The algorithm uses a priority queue to maximize the profit each time abiding by the sack’s capacity. If an item cannot be picked up (no capacity left to store it), then the second-most-valuable item is picked and the test is repeated until there are no more items to steal that fits the remaining capacity.

The particular instance of the problem above fails to be optimally solved by the greedy approach:

kn1

A human could realize in this simple instance that the greedy algorithm above doesn’t yield the optimal result since it first grabs the maximum value item 6 that, unfortunately, is also the bulkiest. Then grabs the second-maximum value 5, realizes it can’t be stored due to capacity constraints and grabs the third-maximum value 4.

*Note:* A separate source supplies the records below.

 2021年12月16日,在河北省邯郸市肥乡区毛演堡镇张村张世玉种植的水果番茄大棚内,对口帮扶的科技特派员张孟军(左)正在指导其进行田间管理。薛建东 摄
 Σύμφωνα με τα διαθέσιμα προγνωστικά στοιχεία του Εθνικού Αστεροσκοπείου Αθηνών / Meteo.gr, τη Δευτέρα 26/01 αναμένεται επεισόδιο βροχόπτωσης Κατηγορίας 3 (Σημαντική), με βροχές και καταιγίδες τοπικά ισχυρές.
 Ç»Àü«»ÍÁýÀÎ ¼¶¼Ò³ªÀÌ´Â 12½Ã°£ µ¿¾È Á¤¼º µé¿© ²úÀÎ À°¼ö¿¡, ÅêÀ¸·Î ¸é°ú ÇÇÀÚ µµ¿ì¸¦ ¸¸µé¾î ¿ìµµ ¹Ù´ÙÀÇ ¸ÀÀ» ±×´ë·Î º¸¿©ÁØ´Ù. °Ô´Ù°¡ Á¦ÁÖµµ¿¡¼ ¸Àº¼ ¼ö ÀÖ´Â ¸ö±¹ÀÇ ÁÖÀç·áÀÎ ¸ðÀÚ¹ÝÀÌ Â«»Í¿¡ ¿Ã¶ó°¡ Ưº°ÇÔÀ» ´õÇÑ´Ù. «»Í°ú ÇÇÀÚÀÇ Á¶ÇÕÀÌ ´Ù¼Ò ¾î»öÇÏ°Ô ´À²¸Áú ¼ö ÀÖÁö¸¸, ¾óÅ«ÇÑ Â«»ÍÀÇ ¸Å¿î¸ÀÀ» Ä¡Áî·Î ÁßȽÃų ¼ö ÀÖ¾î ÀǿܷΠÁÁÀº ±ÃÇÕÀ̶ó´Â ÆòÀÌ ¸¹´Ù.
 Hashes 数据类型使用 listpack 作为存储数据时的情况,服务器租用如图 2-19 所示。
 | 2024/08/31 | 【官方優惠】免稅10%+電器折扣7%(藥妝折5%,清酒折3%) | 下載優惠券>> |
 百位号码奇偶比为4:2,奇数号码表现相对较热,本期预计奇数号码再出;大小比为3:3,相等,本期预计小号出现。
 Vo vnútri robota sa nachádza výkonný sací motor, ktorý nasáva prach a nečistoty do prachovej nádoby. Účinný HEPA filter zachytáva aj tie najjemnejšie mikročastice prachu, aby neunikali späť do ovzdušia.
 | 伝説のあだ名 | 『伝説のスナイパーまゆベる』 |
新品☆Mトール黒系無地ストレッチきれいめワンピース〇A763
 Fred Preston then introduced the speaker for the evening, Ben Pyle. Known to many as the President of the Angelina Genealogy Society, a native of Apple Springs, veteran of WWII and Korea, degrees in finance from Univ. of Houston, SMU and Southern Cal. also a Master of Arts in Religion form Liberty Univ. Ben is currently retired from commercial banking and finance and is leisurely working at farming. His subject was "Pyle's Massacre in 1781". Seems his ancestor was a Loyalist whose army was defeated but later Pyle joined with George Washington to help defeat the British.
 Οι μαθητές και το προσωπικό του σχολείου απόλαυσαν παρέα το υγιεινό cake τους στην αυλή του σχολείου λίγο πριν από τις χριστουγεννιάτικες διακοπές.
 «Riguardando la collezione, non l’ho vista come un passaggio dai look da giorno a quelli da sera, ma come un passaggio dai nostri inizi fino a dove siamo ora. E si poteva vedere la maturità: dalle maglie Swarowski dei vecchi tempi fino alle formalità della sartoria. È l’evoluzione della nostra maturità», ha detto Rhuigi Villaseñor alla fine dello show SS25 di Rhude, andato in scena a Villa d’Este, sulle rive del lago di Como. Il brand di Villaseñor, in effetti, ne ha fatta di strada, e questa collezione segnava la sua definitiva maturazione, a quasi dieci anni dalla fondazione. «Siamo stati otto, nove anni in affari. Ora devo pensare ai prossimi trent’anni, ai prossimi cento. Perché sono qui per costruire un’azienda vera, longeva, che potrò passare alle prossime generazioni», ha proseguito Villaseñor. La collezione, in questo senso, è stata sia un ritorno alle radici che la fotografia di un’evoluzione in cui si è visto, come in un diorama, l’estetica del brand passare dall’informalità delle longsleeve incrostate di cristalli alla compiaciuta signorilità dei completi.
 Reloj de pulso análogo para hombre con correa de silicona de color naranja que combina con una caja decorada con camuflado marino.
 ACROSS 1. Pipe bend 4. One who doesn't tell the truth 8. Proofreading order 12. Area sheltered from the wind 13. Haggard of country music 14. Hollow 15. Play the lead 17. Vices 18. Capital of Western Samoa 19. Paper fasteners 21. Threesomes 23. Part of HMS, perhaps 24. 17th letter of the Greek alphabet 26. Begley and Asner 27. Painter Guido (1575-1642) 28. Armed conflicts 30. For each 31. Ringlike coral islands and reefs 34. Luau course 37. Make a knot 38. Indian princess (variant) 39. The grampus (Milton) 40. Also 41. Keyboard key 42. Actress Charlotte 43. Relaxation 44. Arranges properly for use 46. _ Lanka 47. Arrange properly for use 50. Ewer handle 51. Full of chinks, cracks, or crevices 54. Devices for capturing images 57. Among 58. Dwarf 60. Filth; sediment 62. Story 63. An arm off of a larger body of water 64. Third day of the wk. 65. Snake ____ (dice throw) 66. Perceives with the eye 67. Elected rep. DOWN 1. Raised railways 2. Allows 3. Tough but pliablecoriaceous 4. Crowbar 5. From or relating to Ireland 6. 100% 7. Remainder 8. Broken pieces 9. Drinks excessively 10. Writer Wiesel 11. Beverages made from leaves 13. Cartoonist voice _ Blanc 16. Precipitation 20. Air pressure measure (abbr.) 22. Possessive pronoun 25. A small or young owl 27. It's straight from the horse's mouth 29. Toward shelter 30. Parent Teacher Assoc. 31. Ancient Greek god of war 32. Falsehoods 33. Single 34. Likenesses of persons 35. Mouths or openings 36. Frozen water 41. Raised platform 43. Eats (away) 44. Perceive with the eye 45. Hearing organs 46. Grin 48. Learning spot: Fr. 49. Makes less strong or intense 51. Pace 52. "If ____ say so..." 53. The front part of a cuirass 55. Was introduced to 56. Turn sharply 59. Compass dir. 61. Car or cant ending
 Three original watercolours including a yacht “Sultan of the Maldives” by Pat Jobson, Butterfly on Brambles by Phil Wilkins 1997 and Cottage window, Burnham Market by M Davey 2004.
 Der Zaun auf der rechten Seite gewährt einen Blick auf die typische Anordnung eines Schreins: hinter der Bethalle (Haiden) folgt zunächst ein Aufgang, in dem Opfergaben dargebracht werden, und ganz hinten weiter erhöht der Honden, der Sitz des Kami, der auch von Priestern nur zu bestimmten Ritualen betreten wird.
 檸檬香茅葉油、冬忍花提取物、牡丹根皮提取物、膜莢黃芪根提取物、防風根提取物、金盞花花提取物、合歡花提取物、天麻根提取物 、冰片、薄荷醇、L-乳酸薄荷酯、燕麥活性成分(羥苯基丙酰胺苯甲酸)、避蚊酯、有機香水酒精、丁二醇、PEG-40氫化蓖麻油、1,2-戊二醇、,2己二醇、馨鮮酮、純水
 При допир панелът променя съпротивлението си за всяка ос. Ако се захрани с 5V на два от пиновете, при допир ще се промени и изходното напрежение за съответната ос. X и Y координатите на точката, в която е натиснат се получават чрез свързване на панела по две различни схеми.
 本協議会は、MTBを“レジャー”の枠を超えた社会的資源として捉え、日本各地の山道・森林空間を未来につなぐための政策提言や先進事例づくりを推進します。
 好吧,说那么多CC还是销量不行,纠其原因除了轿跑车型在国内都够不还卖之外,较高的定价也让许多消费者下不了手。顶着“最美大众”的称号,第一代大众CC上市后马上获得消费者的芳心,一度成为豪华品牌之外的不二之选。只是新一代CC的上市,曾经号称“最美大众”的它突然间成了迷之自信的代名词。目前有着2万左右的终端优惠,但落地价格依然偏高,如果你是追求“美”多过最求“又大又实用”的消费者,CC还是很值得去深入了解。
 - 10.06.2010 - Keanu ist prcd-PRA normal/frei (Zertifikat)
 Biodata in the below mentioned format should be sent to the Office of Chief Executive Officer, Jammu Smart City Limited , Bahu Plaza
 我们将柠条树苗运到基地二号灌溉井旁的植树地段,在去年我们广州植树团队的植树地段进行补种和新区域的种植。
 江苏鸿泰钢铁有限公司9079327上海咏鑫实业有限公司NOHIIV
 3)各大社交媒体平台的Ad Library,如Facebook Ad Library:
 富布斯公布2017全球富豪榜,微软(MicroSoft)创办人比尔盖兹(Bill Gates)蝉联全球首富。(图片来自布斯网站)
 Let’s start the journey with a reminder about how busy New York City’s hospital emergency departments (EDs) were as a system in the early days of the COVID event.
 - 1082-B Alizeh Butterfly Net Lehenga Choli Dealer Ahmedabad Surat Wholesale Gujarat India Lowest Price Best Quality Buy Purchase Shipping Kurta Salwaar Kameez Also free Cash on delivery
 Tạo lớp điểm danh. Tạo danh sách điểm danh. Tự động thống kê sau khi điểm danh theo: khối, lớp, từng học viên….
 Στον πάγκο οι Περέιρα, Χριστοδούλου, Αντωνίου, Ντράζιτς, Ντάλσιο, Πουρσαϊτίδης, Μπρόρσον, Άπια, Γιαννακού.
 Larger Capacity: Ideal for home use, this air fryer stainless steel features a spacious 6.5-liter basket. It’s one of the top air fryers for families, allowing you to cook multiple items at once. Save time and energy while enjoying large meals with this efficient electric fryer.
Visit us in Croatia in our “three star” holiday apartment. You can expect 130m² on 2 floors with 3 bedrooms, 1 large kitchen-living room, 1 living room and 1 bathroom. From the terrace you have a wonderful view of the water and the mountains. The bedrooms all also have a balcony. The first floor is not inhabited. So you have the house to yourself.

Grand-total: element with value 6 and element with value 4 = 10.

The best solution is instead composed by all the elements except the biggest one: {element with value 5, element with value 2 and element with value 4} for a grand-total of 11.

Knapsack 0/1

The most common formulation of the knapsack problem is called 0/1 knapsack problem, where the 0/1 stands for either grab an item or don’t grab it; items cannot be split or repeated.

There are special subcases of this instance of the problem worth to be analyzed

All items have the same weight

In this case we must simply maximize the profit since all elements weigh the same. Sorting the elements by value and grabbing each time the greatest will solve the problem and thus the greedy algorithm seen some paragraphs before can be used to solve this particular instance of the knapsack problem.

All items have the same value

If all items have the same value we should just try to pack as many items as we can into the knapsack. That means sorting the items by size and grabbing the smallest each time until no more items fit into the knapsack. This is another special instance as the same-weight one that can be solved via a greedy approach sorting by weight.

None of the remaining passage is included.